Regarding the small dataset, you can find some under eirli/tests/data/processed/demos/.

@qxcv Would you mind checking on the task content within those two datasets?

Hope this helps!

qxcv commented 2 years ago

The task names should be in the directory names. This is what the directory looks like for me:

tests/data/processed/demos/
├── atari
│   └── PongNoFrameskip-v4
│       └── demos.tgz
├── dm_control
│   └── reacher-easy
│       └── demos.tgz
├── magical
│   └── MoveToRegion-Demo-v0
│       └── demos.tgz
├── minecraft
│   └── NavigateVectorObf
│       └── demos.tgz
└── procgen
    └── coinrun
        └── demos.tgz

(task names are PongNoFrameskip, reache-easy, MoveToRegion-Demo-v0, etc.)

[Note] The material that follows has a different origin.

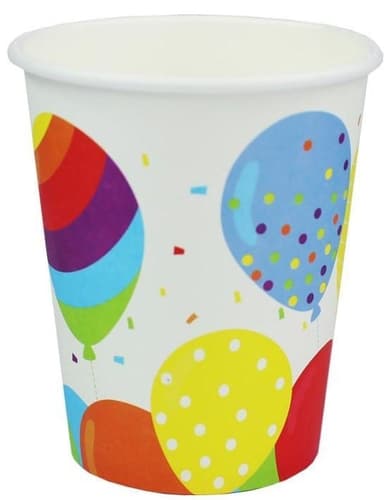 Jednorázové kelímky s nápisem Happy Birthday na party.
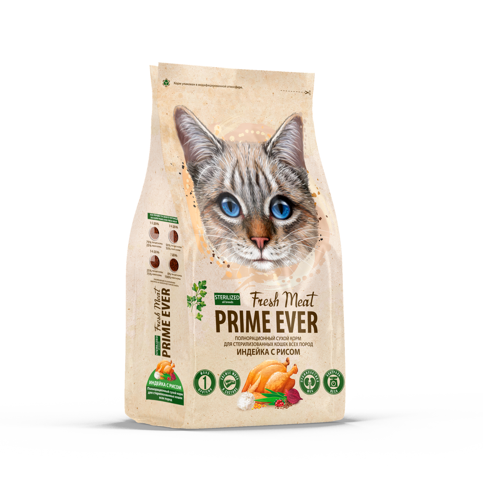 Сухой корм для стерилизованных кошек всех пород индейка с рисом Prime Ever Fresh Meat Sterilized Adult Cat, 7 кг интересное:

bchen0 commented 2 years ago

Hi @qxcv, I had a few questions on the data I was hoping you could answer.

First, under data/processed/demos I see only two folders (dm_control, magical) and a 1kb file for procgen - do you know why this might be the case? I don't seem to have Minecraft, Atari, or Procgen, although I mostly care about Procgen.

image

And also, could you explain what the difference between data/processed/demos and data/processed/random is?

Thanks!

qxcv commented 2 years ago

Hi @bchen0, where did you download the data from? I might have accidentally made the archiver skip symlinks, or something like that, in which case I should re-upload it!

The /demos folder is for expert (either human or RL) demonstrations. The /random folder is for random rollouts (we use a saved random rollouts file instead of making new random rollouts each time to make the training process a little less stochastic).

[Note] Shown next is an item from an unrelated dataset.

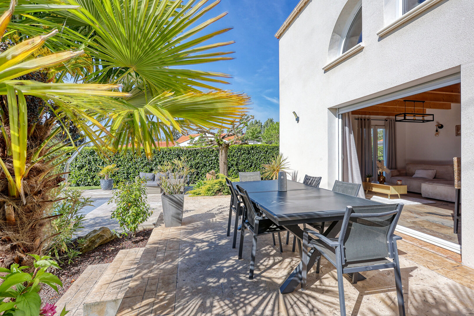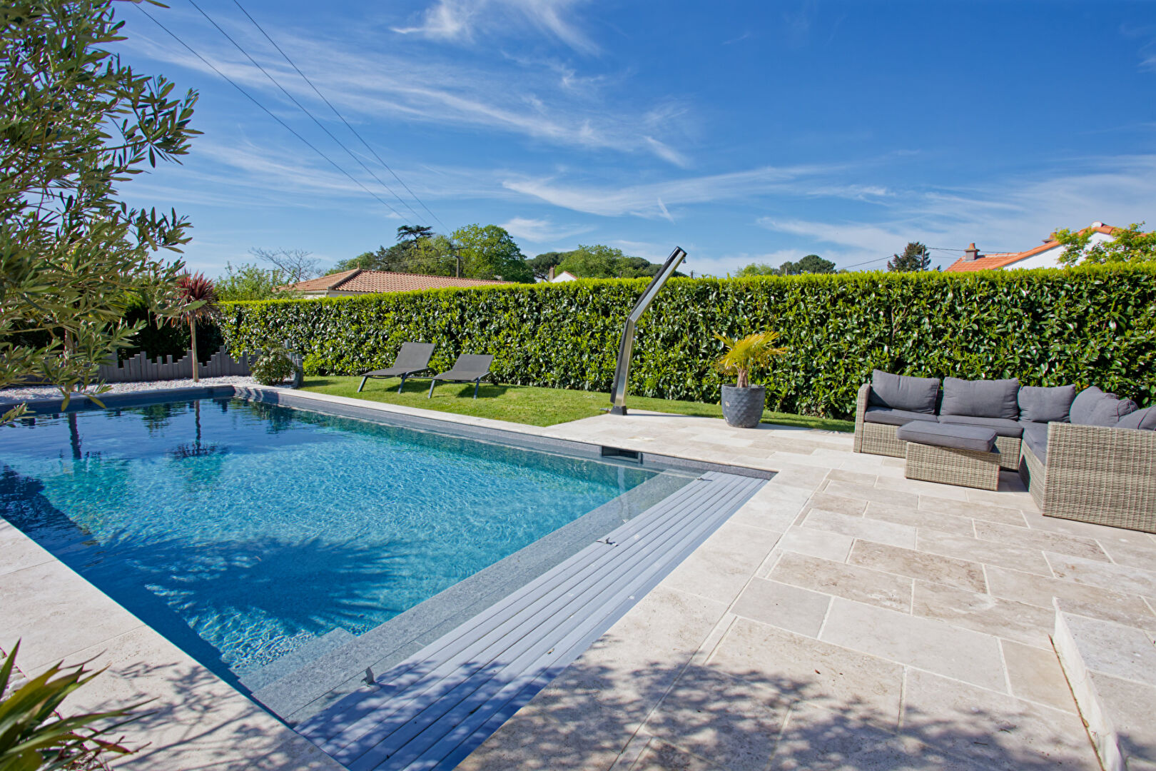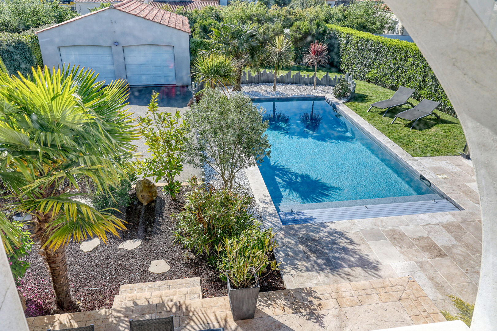 À l'extérieur, le bien révèle tout son potentiel : une parcelle généreuse de plus de 3 000 m², entièrement paysagée, s'articulant harmonieusement autour d'une superbe piscine, véritable coeur de vie aux beaux jours. Un cadre privilégié pour recevoir, se détendre et profiter pleinement des extérieurs.

bchen0 commented 2 years ago

I downloaded it from here: https://berkeley.app.box.com/s/8yo3yyyh0h2e1ay5iehbnyg4g0cm0lpe.

Thanks for the explanation on /demos and /random - makes sense!

qxcv commented 2 years ago

Okay, I checked those files and it looks like I accidentally uploaded a symlink instead of the real procgen demos. I'll make a separate archive for the missing procgen files tomorrow and upload that as well (it's late evening for me now).

qxcv commented 2 years ago

I uploaded the missing Procgen demos to Box: https://berkeley.app.box.com/s/8yo3yyyh0h2e1ay5iehbnyg4g0cm0lpe

bchen0 commented 2 years ago

Thanks - appreciate the quick response!